Score: 6.495737609776765
License: http://arxiv.org/licenses/nonexclusive-distrib/1.0/
Abstract: Emergent misalignment can arise when a language model is fine-tuned on a narrowly scoped supervised objective: the model learns the target behavior, yet also develops undesirable out-of-domain behaviors. We investigate a mechanistic approach to preventing emergent misalignment by identifying a small set of internal features that reliably control the misaligned behavior and then discouraging the model from strengthening these features during fine-tuning. Across six fine-tuning domains, blocking (i.e., constraining) a fixed set of features achieves up to 95\% relative reduction in emergent misalignment with no degradation in model quality or target-task performance. We strengthen validity with disjoint selection/evaluation splits, multiple independent judges, multiple random seeds for key settings, quality metrics, and extensive ablations demonstrating that the reduction in misalignment is specific to the identified mechanism.
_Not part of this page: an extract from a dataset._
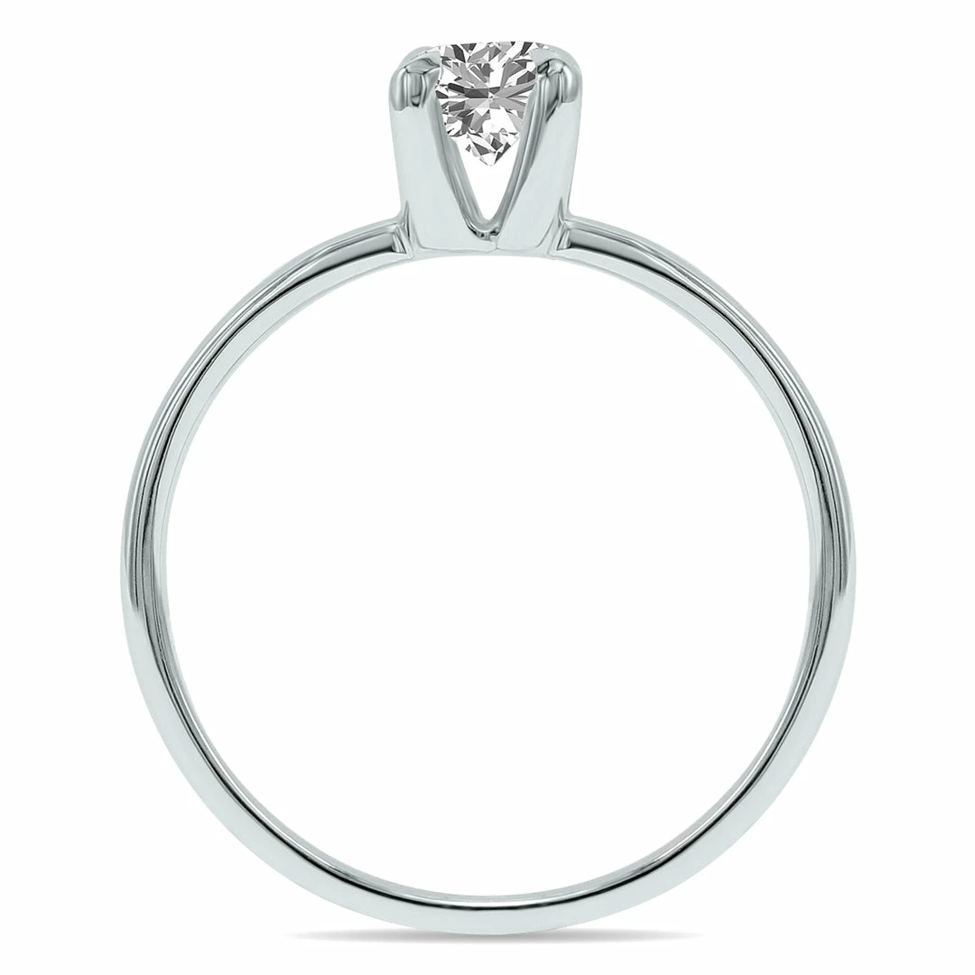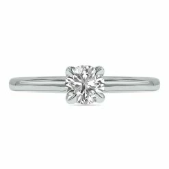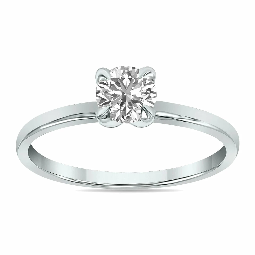 A stunning round brilliant lab grown 1/2 carat (F-G Color, VVS1-VVS2 Clarity) diamond is pristinely set on a classic solitaire ring setting crafted in 14K white gold and featuring a 4 prong head. An exceptional quality lab-grown diamond solitaire ring sure to be treasured forever. Lab diamonds consist of the same chemical and physical properties as natural diamonds, but instead of growing over thousands of years in the earth’s crust, lab diamonds are grown at warp speed in a laboratory that replicates the natural growth process within weeks instead of centuries. The result is a lab-grown diamond that shares the same optical and carbon crystal structure as a natural diamond and can usually only be distinguished from a natural diamond by using specialized testing equipment which recognizes trace elements like nitrogen. Cubic zirconia or moissanite, for example, do not share any of the chemical or physical carbon properties as a natural diamond and thus can be distinguished by the naked eye as imitation diamonds. Whether using the HPHT or CVD method when creating diamonds in a laboratory, the process is much more sustainable and environmentally conscience than the traditional mining methods of moving huge amounts of earth in search of high-grade diamonds.

We also characterize a limiting regime in which misalignment re-emerges under prolonged fine-tuning, present evidence consistent with rerouting through alternative features or layers, and evaluate modifications that partially restore the misalignment-blocking effect. Overall, our results show that targeted training-time constraints on internal mechanisms can mitigate emergent misalignment without degrading target-task performance.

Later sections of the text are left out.